# [WHAT YOU WILL DO]
Print the records below exactly, from the line containing "Ein Schwesterntreffen der" down to the line containing "X-radiography is one", both lines included, and omit every picture.

# [DATA LISTING]
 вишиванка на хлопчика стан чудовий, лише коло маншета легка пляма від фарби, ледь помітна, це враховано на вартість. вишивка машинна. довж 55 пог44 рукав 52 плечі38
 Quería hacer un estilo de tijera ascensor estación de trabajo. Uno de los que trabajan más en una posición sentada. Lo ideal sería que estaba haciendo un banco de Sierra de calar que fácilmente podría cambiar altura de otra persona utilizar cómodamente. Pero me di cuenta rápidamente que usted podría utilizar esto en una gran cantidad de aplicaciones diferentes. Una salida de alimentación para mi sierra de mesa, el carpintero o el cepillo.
...
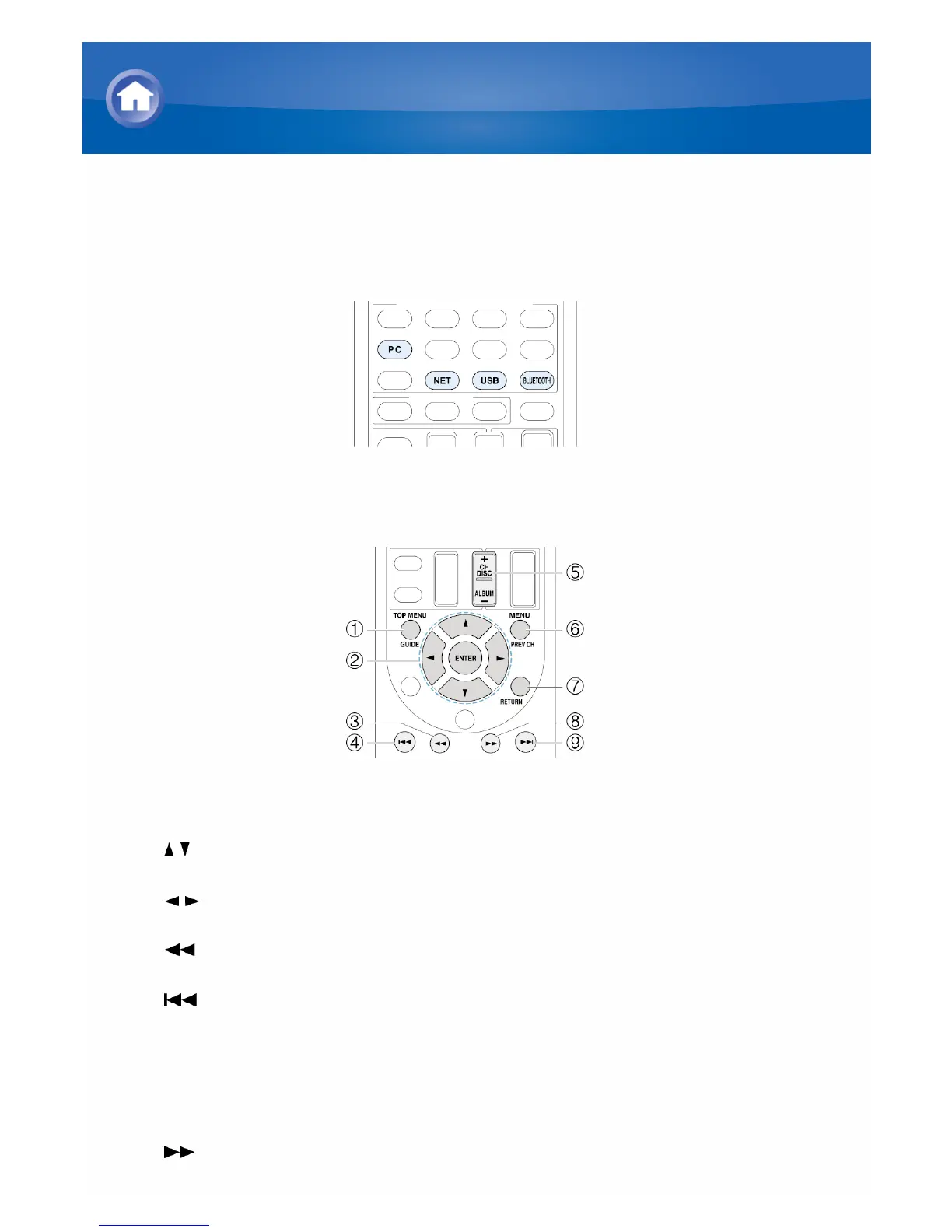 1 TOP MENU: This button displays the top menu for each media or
* * *
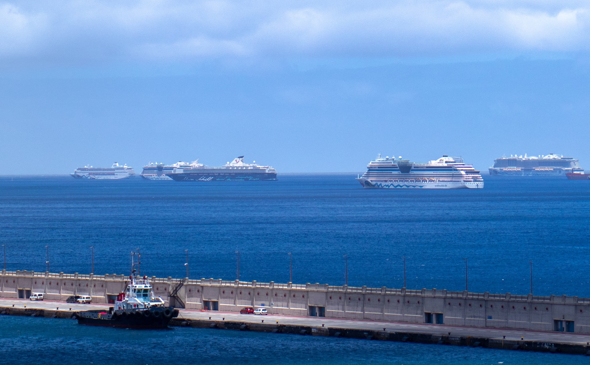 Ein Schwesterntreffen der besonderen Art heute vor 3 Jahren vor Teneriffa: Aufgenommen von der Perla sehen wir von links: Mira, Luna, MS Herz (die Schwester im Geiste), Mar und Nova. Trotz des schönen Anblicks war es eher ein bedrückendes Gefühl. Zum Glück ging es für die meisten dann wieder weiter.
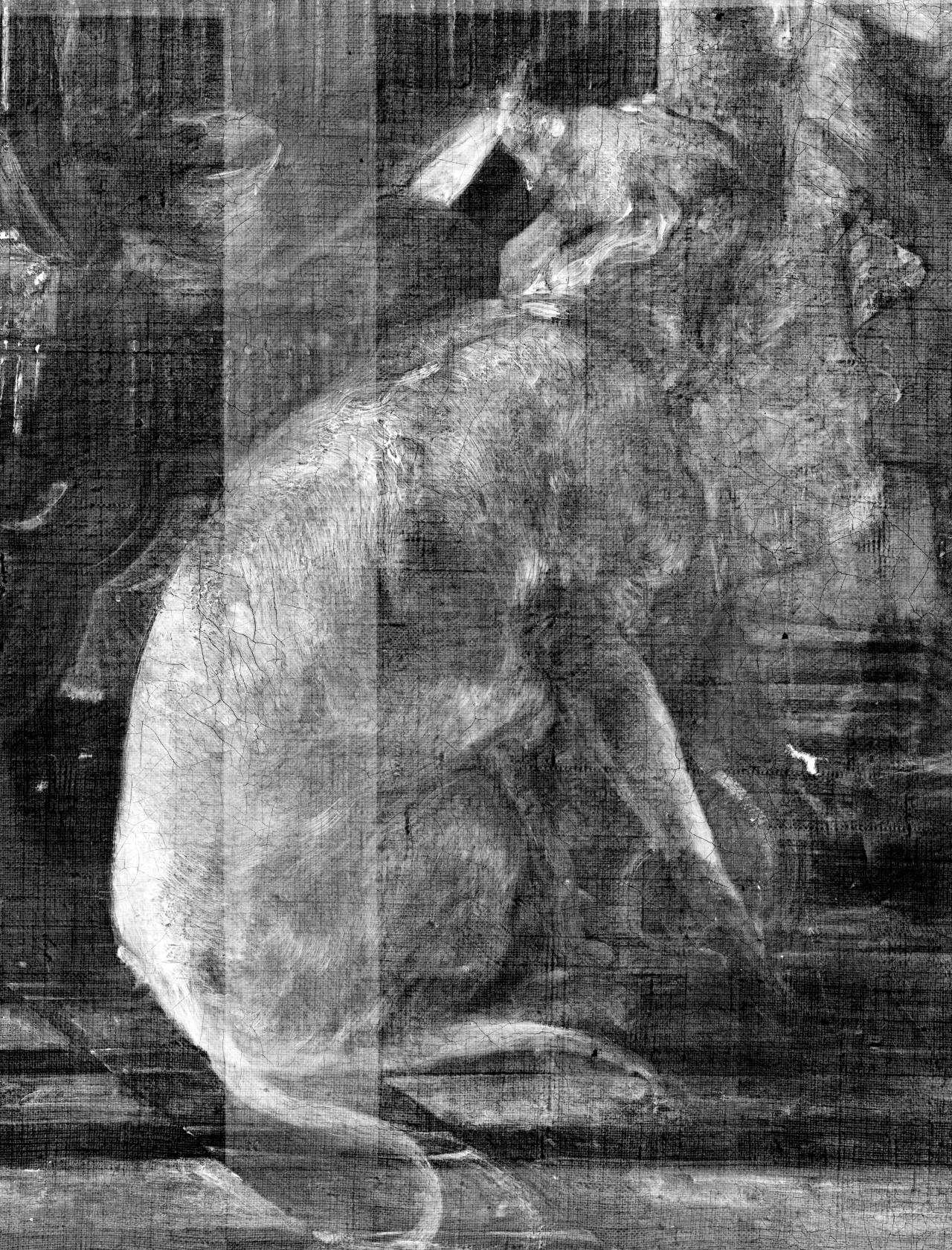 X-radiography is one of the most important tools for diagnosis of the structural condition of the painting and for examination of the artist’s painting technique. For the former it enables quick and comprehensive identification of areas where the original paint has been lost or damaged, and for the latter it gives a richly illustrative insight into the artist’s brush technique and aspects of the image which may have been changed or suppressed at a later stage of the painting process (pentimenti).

# [YOUR SOLUTION]
 Ein Schwesterntreffen der besonderen Art heute vor 3 Jahren vor Teneriffa: Aufgenommen von der Perla sehen wir von links: Mira, Luna, MS Herz (die Schwester im Geiste), Mar und Nova. Trotz des schönen Anblicks war es eher ein bedrückendes Gefühl. Zum Glück ging es für die meisten dann wieder weiter.
 X-radiography is one of the most important tools for diagnosis of the structural condition of the painting and for examination of the artist’s painting technique. For the former it enables quick and comprehensive identification of areas where the original paint has been lost or damaged, and for the latter it gives a richly illustrative insight into the artist’s brush technique and aspects of the image which may have been changed or suppressed at a later stage of the painting process (pentimenti).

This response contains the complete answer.